お知らせ

関節リウマチ患者さんの手術について

 地域の新型コロナウイルスの感染状況によっては、待機手術(生命に直結せず、少し待っても良いと判断できる手術)は延期されます。また、患者さん自身が新型コロナウイルスに感染した場合も待機手術は延期されます(日本麻酔科学会の推奨:感染後7週間の延期)。リウマチ患者さんの中には、予定していた手術が延期になってしまった方もいるかもしれません。新型コロナウイルスの患者さんが増えると、その他の病気の治療が滞ってしまうという例の1つです。残念ながら、感染力が強いウイルスが蔓延している時期には、一緒に入院している別の患者さんから感染する院内感染のリスクもあります。待てるのであれば、感染者が少ない時期を選択した方が良いと思います。
 関節リウマチの治療が進み、昔に比べて手術を必要とする患者さんは減っています。特に滑膜切除術が必要となることは非常に少なくなっています。また、人工関節手術の件数も、ピーク時の60%にまで減少していることが報告されています。では、手術が必要ないかというとそうではありません。適切なタイミングでリウマチの治療を開始し、病勢をコントロールできた方は関節の破壊を免れますが、残念ながら全ての方がそうなるわけではありません。関節リウマチの治療開始が遅れた方、病勢のコントロールが難しい方では、現在でも関節破壊が進行しますし、手術が必要となります。加えて、リウマチではない方と同様に加齢による変形性関節症によって手術が必要となることもあります。
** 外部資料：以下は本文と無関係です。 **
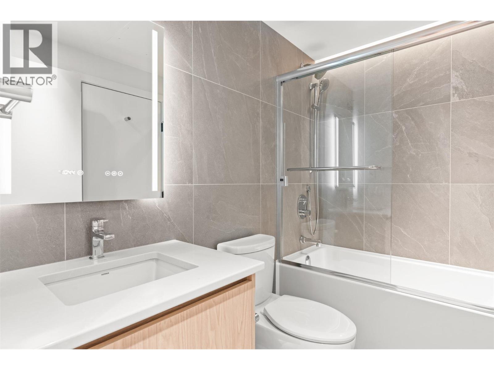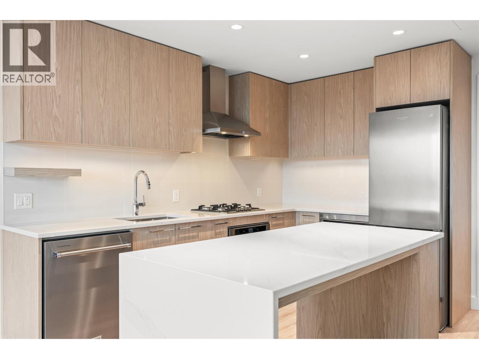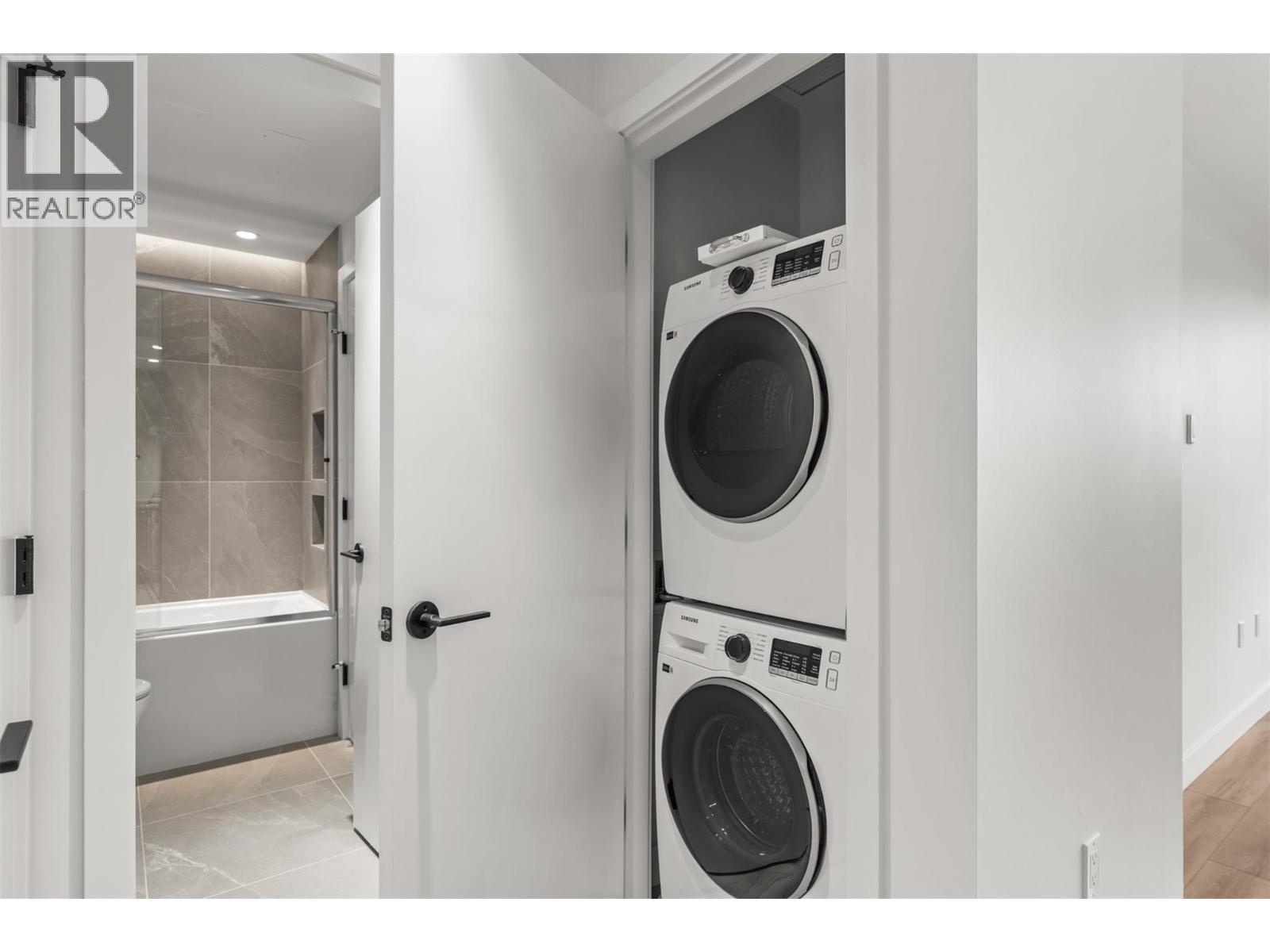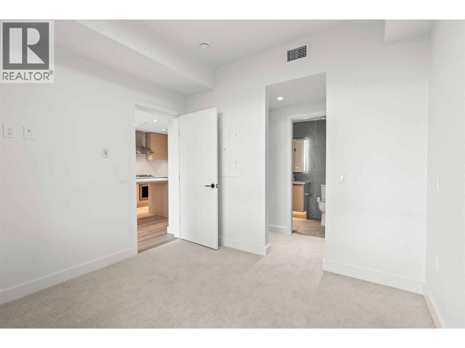 Introducing ALMA, proudly crafted by Mission Group. This 5th floor east-facing 1-bed, 1-bath home is filled with beautiful morning light, offering 540 sqft of interior living plus a 100 sqft terrace, seamlessly pairing intentional design with elevated finishes in the heart of the Lower Mission. The striking kitchen features sleek flat-panel wood-grain cabinetry, a dramatic quartz waterfall dining island, and premium stainless-steel appliances. The open-concept layout is perfectly suited for everyday living and effortless entertaining, enhanced by expansive windows that flood the home with natural light, durable laminate flooring through the main living areas, and plush woven broadloom carpeting in the bedroom. The primary suite boasts a walk-through closet, while the ensuite showcases large-format tile, a rainfall shower, custom-tiled niche, and soft ambient lighting that creates a retreat-like escape. Additional highlights include roller shades on every window, individually controlled heating and cooling, and one secure underground parking stall. Residents enjoy access to amenities including an 8,000 sqft lakeview terrace with firepits, BBQs, and community gardens, plus a fully equipped fitness centre, dog wash, and bike maintenance station. With a walk score of 93, you’re just steps to transit, KGH, the shops and dining of vibrant Pandosy Village, and the shores of Okanagan Lake. Sqft & room sizes are approximate & may vary. This new home is move-in ready. Exclusive of GST (id:58842)
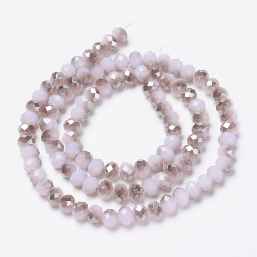 3 x 2mm Electroplate Glass Beads Strands, Half Gray Plated, Faceted, Rondelle, Lavender Blush Base Hole: 0.8mm, Approx 185 beads.
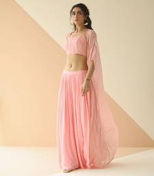 | Product Description | The Blush Pink Co Ord Set, The Short Spaghetti Style Blouse Handcrafted In Lined Pattern Paired With Palazzo Pants & A Striped Embroidered Cape In Sheer Organza. |
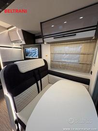 Il McLouis MC4 860 2026 è un semintegrale sotto i 7 metri che unisce comfort, design moderno e grande praticità. La disposizione interna offre una dinette living capiente e luminosa, con sedili cabina girevoli e tavolo centrale regolabile: un vero salotto su ruote. Nella zona posteriore trovi un ampio letto matrimoniale trasversale, comodo e ben accessibile, mentre il letto basculante elettrico anteriore permette di ricavare altri posti letto senza rinunciare allo spazio abitativo.
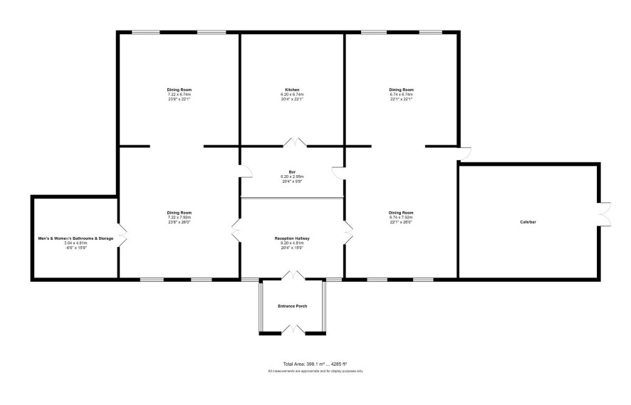The floor areas as taken from VOA are as follows… Ground Floor Restaurant 391.2 m2 / 4,210.8 sq.ft. Ground Floor Internal storage 109.7 m2 / 1,180.8 sq.ft. Ground Floor External storage 14.2 m2 / 152.8 sq.ft Total 515.1 m2 / 5,544.4 sq.ft
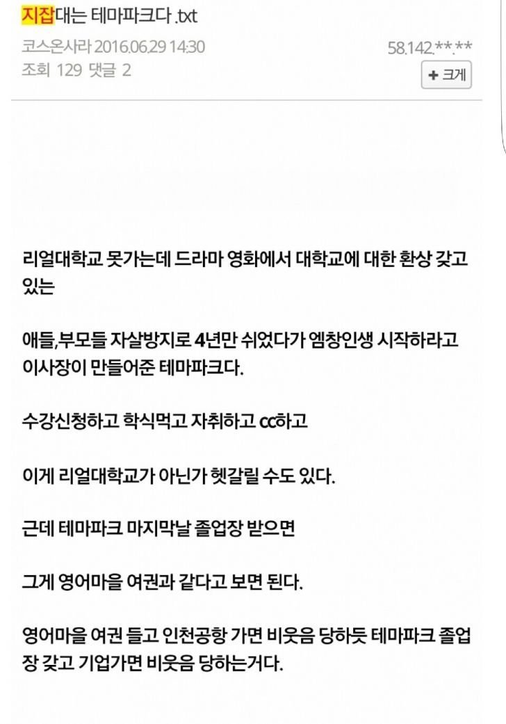 지잡대 현실
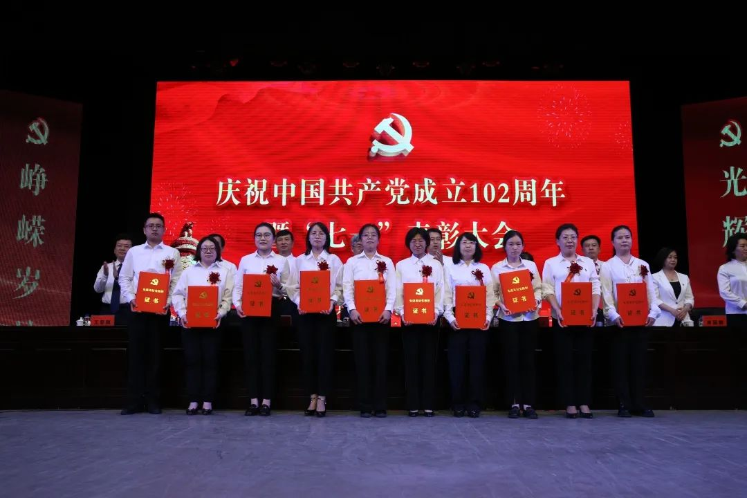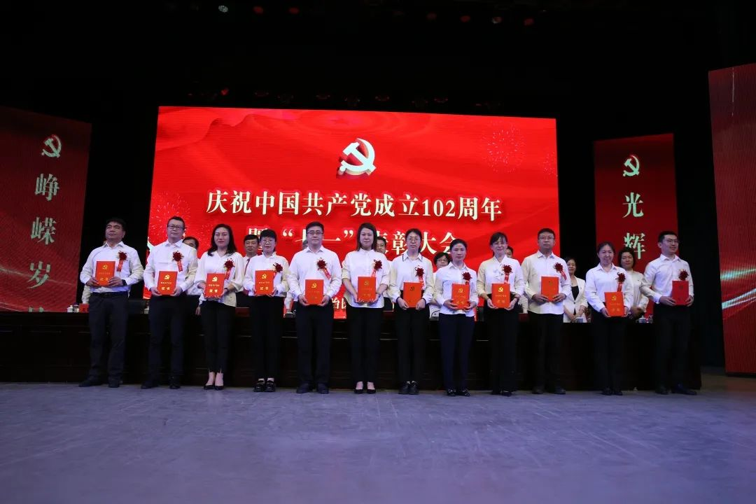 校领导班子成员及党委常委为优秀共产党员、优秀党务工作者代表和先进基层党组织代表颁发荣誉证书并合影留念。
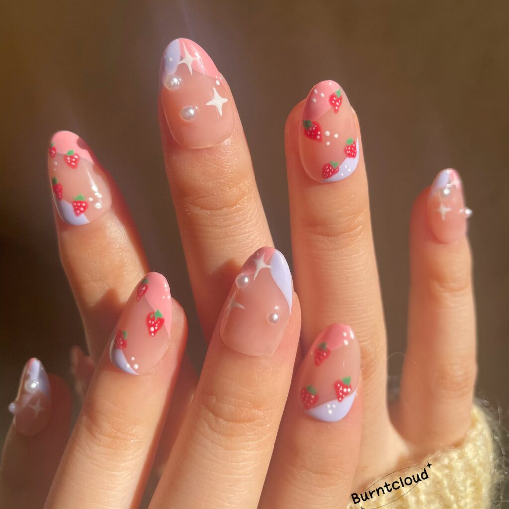 Okay, these strawberry nails are just everything. Between the sweet little berries, the glossy finish, and those adorable pearl accents, I feel like they were made for sipping strawberry lemonade in the sun. And that soft pink and lilac background? Total dreamy picnic vibes.
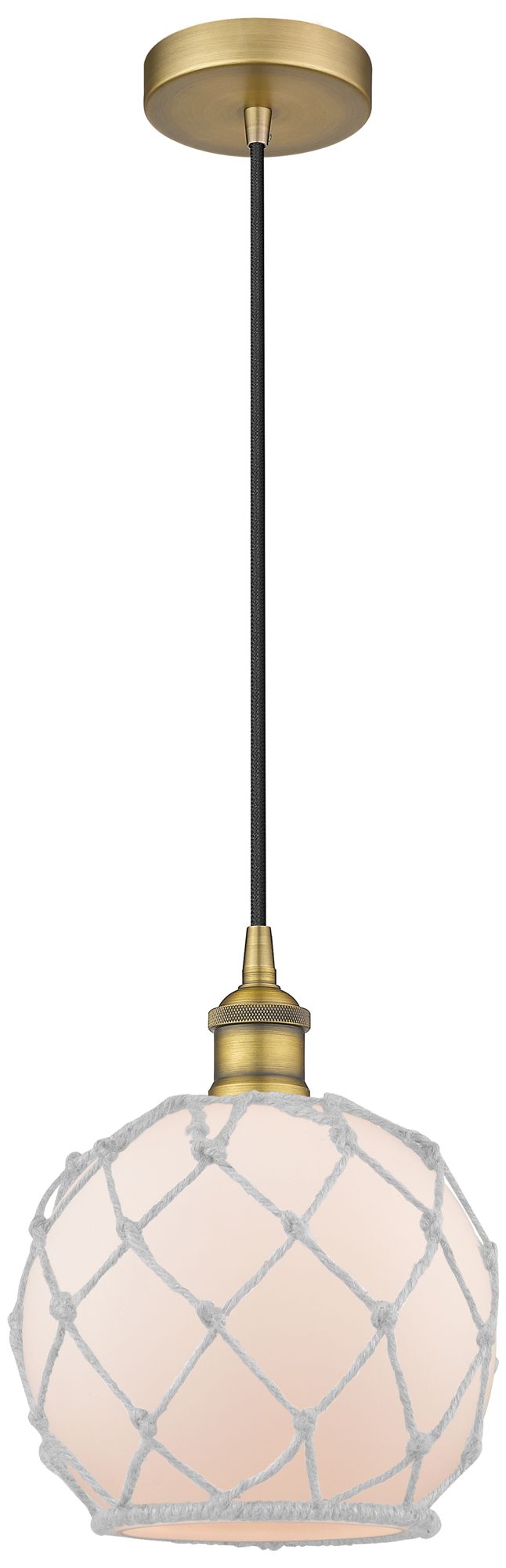 Edison Farmhouse 8" Brushed Brass Corded Mini Pendant w/ White Rope Sh

 関節の手術が必要かどうかの最終判断は整形外科医が行います。ただ関節をきれいにするだけでなく、機能を元に戻すことを目標とするならば、手術を行う時期が非常に重要です。手術のタイミングが遅れると、関節を入れ替えて見た目が良くなったとしても、機能(可動域や筋力)は回復しません。正しいタイミングで適切な手術を選択しなければなりません。現在、リウマチ専門医には、整形外科出身の先生と内科出身の先生がいます。手術の判断に関しては、整形外科出身のリウマチ専門医の方が得意です。実際に手術をする(したことがある)ということは大きな強みだと思います。しかし、専門医の認定を各学会ではなく日本専門医機構が行うこととなり、状況が変わりました。新たにリウマチ専門医を目指す医師は内科を専攻し、先に内科専門医を取得しなければなりません。整形外科出身のリウマチ専門医は既に取得済みの医師に限られますので、今後、徐々にいなくなっていきます。リウマチ診療では、手術の他にも、リハビリテーション、装具の選択や採型、補助具の提案、身体障碍者手帳の取得に関わる計測など、整形外科の知識や技術は重要ですので、整形外科医がリウマチ専門医を取得できなくなることは大きな損失ではないかと思います。
 以前より少なくなっていますが、当院の患者さんでも手術が必要になる方はいます。適切な時期に手術することで、多くの方が見た目だけでなく、機能の回復を目指すことができています。日常生活での支障がなくなるだけでなく、好きなスポーツを楽しむことができるレベルにまで機能が改善している方もいます。手術の技術はもちろん重要ですが、どんなに上手な先生が手術しても、時期を逸してしまった方の機能は戻らないという点も多くの方に知っておいてほしいと思います。